→ **DATA SHOWN**
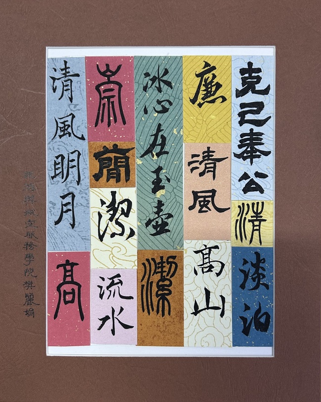 酒店管理教研室陈巧林老师的一幅硬笔书法作品《朱子家训》赏心悦目,阐明了家庭修身治家之道;空中乘务教研室汪波老师的摄影作品《赏荷思廉》,传达了荷花“出淤泥而不染,濯清涟而不妖”的美好品质;樊丽娟老师的软笔书法作品如行云流水,诠释了廉洁的真谛。
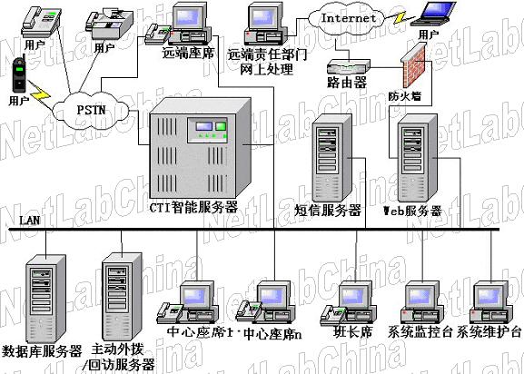 客服中心系統(tǒng)硬件設(shè)備由以下核心部件組成:通信智能服務(wù)器、數(shù)據(jù)庫(kù)服務(wù)器、微機(jī)、電話機(jī)。
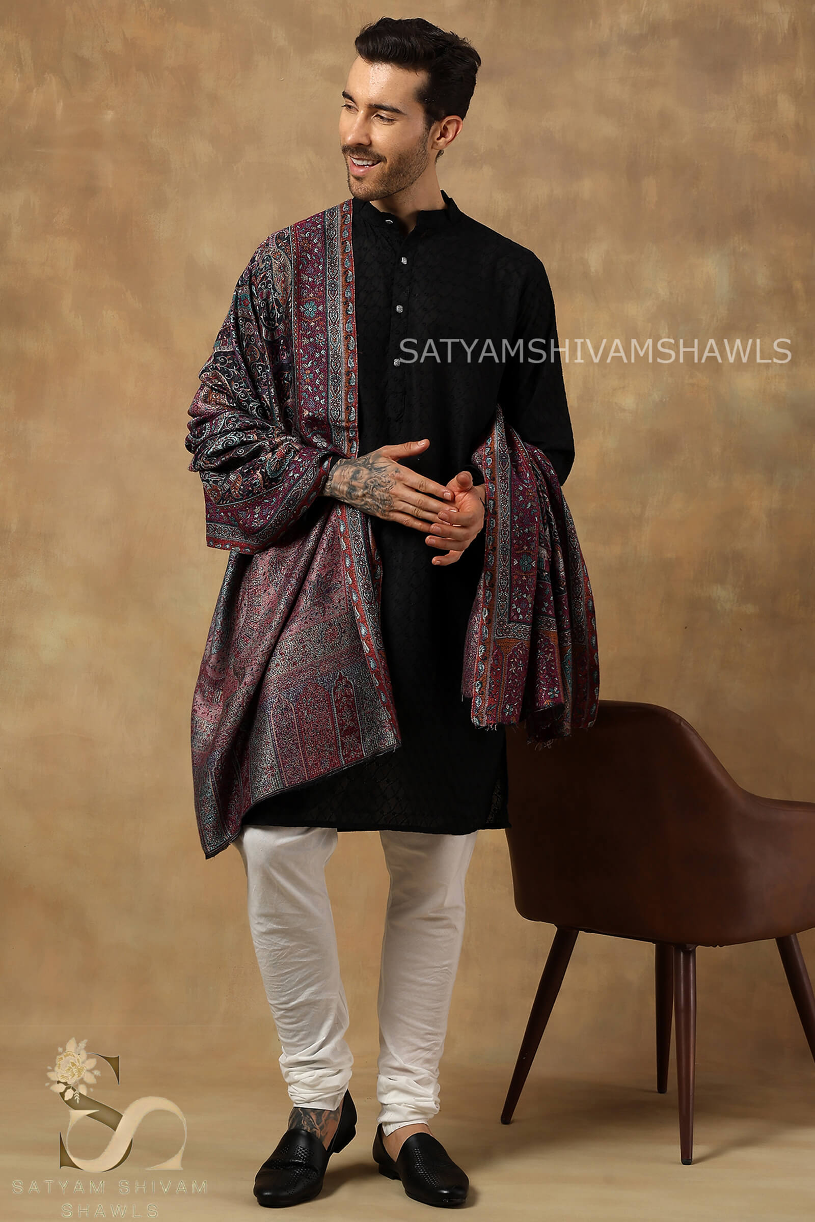 "Shaam-e-Mughal" TWILIGHT REVERSIBLE MUGHAL PALLA DESIGN SHAWL,
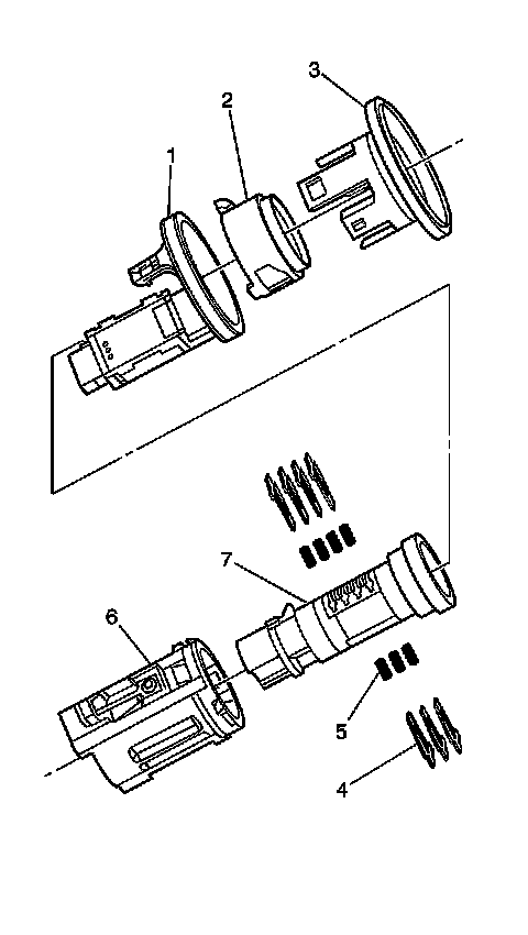 6. Check for correct loading of the tumblers (4) by inserting the key into the cylinder (7). All of the tumblers should be flush with the lock cylinder.
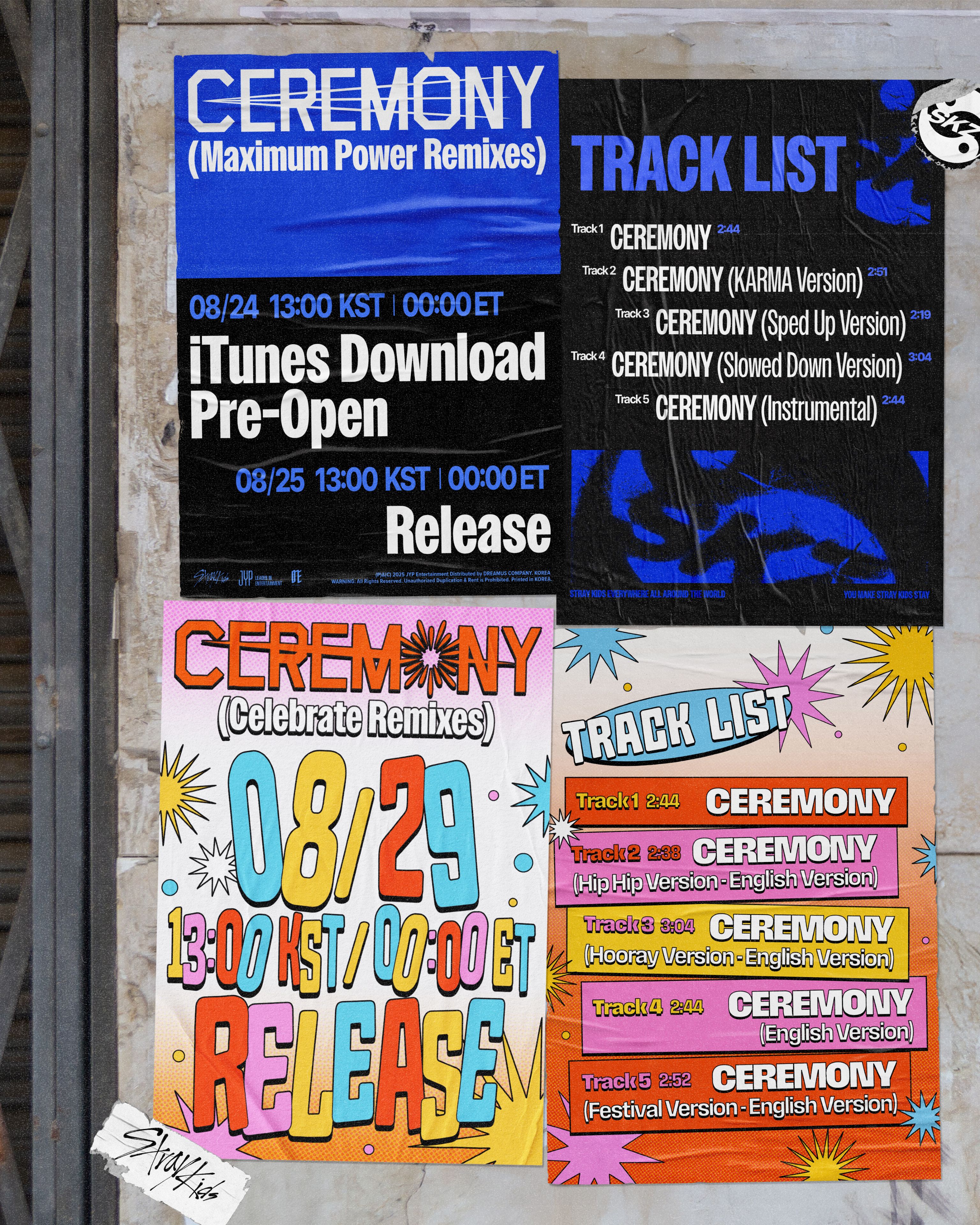 기세를 몰아 이들은 원곡이 가진 매력을 더욱 다채롭게 살린 리믹스 싱글을 선보인다. 24일 0시 그룹 공식 SNS 채널에 게재된 리믹스 디지털 싱글 타임테이블 포스터에 따르면 스트레이 키즈는 25일 오후 1시 'CEREMONY (Maximum Power Remixes)'(맥시멈 파워 리믹시즈), 29일 오후 1시 'CEREMONY (Celebrate Remixes)'(셀레브레이트 리믹시즈)를 발표한다. 러프하고 세련된 푸른빛 디자인, 알록달록한 색감으로 축제 분위기로 연출된 타임테이블 이미지에서부터 각기 다른 음악 컬러와 곡 무드를 예감케 한다.
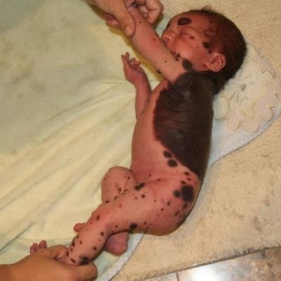 Le Naevus Géant Congénital (NGC) est une malformation de la peau présente dès la naissance (congénitale). Il se présente sous la forme d’un grand grain de beauté, pouvant recouvrir jusqu’à 80% de la surface corporelle d’un nouveau-né.
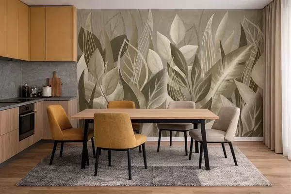 Fototapety Abstraktní listy v béžových a zelených odstínech Č. w05148
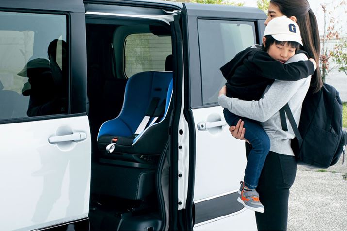 前述の、Bピラーがなくなることで助手席側が大きく開く「ミラクルオープンドア」は、新型タントにも引き続き採用されている。
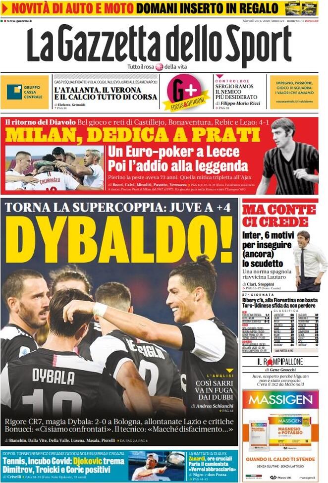 RASSEGNA STAMPA, Le prime pagine dei quotidiani sportivi Redazione 23 Giugno 2020 Queste le prime pagine dei quotidiani sportivi oggi in edicola
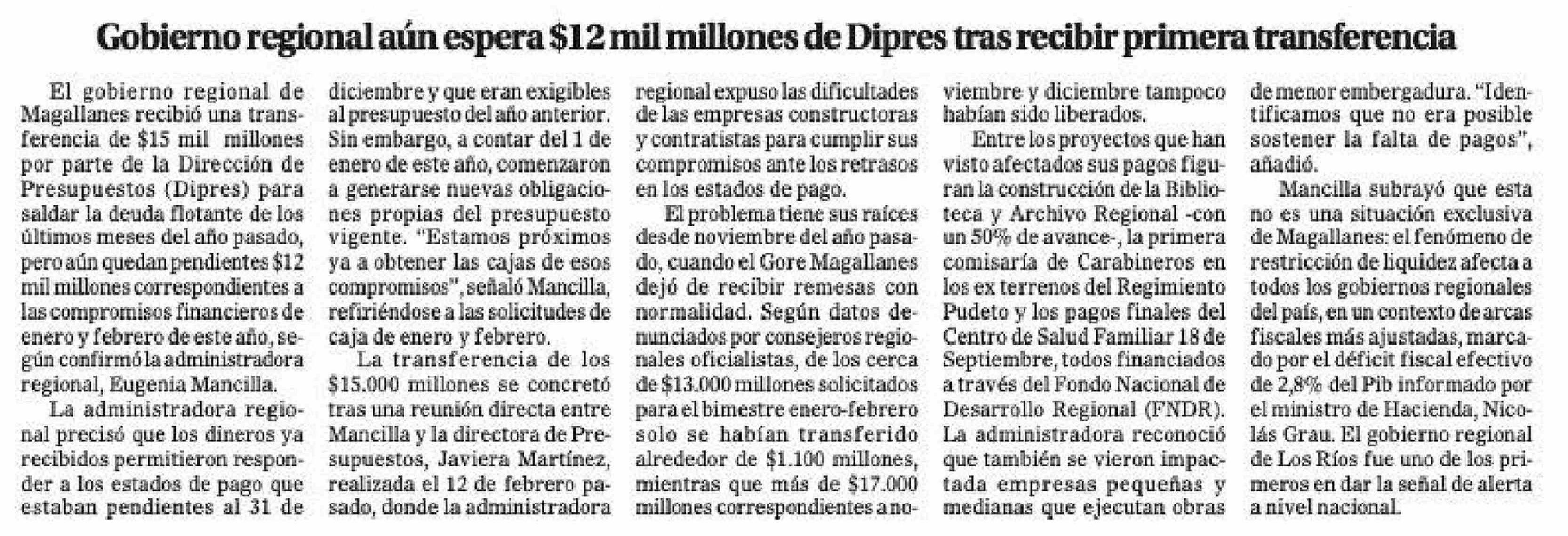 Gobierno regional aún espera $12 mil millones de Dipres tras recibir primera transferencia

→ **ABOUT THIS TASK**
Please, without any pictures, write out exactly the lines of the listing from its first line through the line that holds "TWILIGHT REVERSIBLE MUGHAL", ends included, and nothing beyond them.

→ **SOLUTION FOR THIS EXERCISE**
 酒店管理教研室陈巧林老师的一幅硬笔书法作品《朱子家训》赏心悦目,阐明了家庭修身治家之道;空中乘务教研室汪波老师的摄影作品《赏荷思廉》,传达了荷花“出淤泥而不染,濯清涟而不妖”的美好品质;樊丽娟老师的软笔书法作品如行云流水,诠释了廉洁的真谛。
 客服中心系統(tǒng)硬件設(shè)備由以下核心部件組成:通信智能服務(wù)器、數(shù)據(jù)庫(kù)服務(wù)器、微機(jī)、電話機(jī)。
 "Shaam-e-Mughal" TWILIGHT REVERSIBLE MUGHAL PALLA DESIGN SHAWL,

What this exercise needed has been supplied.